Apologies if this has been answered elsewhere already, my searches didn't come up with anything addressing my situation fully.
I have a data pull where there are multiple variables that I would like to have considered in the weighted average. The variables are:
1. Time period (Monthly)
2. Vendor (Corporate/Partner)
3. Sales Channel (Phone, Retail, Online)
4. Sales Region (Western, Eastern, Central, International)
My values are just Revenue and Units Sold, split out by each of the above variables.
Currently my formula in Tableau is
sum(([Rev]/[Units Sold])*[Units Sold])/sum([Units Sold])
and gets me quite close in most cases to what the Excel sumproduct provides for each group or group of variables, but it isn't exact and in some regions it doesn't get close at all. It appears to be aggregating the data before doing the calculation.

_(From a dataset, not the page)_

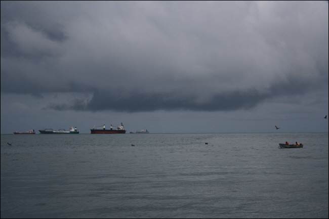 Der Kaepten weiss nach einem suchenden Gang uebers Gelaende, hier gibt es gar keine Gerueste zum Aufstellen, jeder nimmt irgendwas. Siicherheitsvorschriften? Was ist das? Wenn man bedenkt, dass er in Fort Lauderdale in USA seinerzeit einen Anschiss von der Security bekam, weil er beim Anstreichen keine Arbeitsschuhe nach Vorschrift trug. Beide Einstellungen sind typisch fuer das jeweilige Territorium.

What I would like to do is have a table in which, depending on the variables used, it weights each row then provides the total
So for example, if I wanted to see September Revenue Per Unit, it should calculate the revenue per unit at each row level, then weight it so I can get the weighted Revenue per unit sold at the monthly level factoring in the Revenue per Unit sold at each of the different levels. I'd like to be able to do this at all levels of granularity to get the accurate Revenue per Unit whether it be by Channel, By Region, by Vendor, or a mix of those.
Please see the screenshot for an idea of how this will be looked at, and the Grand Totals displaying the Rev/Unit of the different types of sales. Please let me know if I was unclear or need to further explain what I'm trying to accomplish.